◆ **Problem to work on**
The listing below holds a line with "Sun & Moon Crystal Pendant Necklace" and a line with "Rare OMEGA automatic". Reproduce those two lines exactly, plus everything between them.

◆ **Records supplied**
· · · · ·
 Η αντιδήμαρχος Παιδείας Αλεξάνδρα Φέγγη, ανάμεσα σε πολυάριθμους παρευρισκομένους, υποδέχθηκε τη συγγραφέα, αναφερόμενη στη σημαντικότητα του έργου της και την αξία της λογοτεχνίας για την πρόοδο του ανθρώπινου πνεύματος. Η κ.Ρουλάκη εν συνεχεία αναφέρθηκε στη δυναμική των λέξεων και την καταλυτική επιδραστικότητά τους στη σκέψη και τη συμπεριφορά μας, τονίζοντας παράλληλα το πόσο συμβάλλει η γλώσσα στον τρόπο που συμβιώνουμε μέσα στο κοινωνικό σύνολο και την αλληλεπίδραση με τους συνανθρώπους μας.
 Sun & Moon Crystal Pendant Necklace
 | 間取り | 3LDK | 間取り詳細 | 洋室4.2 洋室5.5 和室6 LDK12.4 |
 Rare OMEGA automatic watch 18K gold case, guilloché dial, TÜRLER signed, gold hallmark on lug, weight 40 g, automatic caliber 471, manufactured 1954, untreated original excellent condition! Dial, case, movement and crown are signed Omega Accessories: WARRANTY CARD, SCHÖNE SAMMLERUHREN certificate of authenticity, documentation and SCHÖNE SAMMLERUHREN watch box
· · · · ·
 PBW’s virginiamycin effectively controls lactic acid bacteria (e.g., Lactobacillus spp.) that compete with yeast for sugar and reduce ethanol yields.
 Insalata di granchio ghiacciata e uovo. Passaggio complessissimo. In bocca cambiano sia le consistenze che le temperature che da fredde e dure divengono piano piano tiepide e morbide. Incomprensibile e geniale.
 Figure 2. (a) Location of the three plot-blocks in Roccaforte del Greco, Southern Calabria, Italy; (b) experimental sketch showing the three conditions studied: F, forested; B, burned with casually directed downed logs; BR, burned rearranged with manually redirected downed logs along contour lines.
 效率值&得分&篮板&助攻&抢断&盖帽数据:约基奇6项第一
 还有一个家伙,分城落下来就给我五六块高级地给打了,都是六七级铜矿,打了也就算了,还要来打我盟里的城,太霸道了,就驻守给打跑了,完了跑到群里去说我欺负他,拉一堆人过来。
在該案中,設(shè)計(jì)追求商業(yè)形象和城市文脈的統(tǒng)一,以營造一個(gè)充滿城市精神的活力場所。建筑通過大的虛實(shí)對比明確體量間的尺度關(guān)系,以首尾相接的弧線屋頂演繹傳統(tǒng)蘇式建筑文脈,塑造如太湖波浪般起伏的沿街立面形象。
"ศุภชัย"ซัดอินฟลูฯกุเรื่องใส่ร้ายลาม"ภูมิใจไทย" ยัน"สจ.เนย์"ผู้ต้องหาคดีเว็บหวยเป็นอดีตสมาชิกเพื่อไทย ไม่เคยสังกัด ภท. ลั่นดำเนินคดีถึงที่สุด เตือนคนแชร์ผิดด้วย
· · · · ·
◆ **Answer to this exercise**
 Sun & Moon Crystal Pendant Necklace
 | 間取り | 3LDK | 間取り詳細 | 洋室4.2 洋室5.5 和室6 LDK12.4 |
 Rare OMEGA automatic watch 18K gold case, guilloché dial, TÜRLER signed, gold hallmark on lug, weight 40 g, automatic caliber 471, manufactured 1954, untreated original excellent condition! Dial, case, movement and crown are signed Omega Accessories: WARRANTY CARD, SCHÖNE SAMMLERUHREN certificate of authenticity, documentation and SCHÖNE SAMMLERUHREN watch box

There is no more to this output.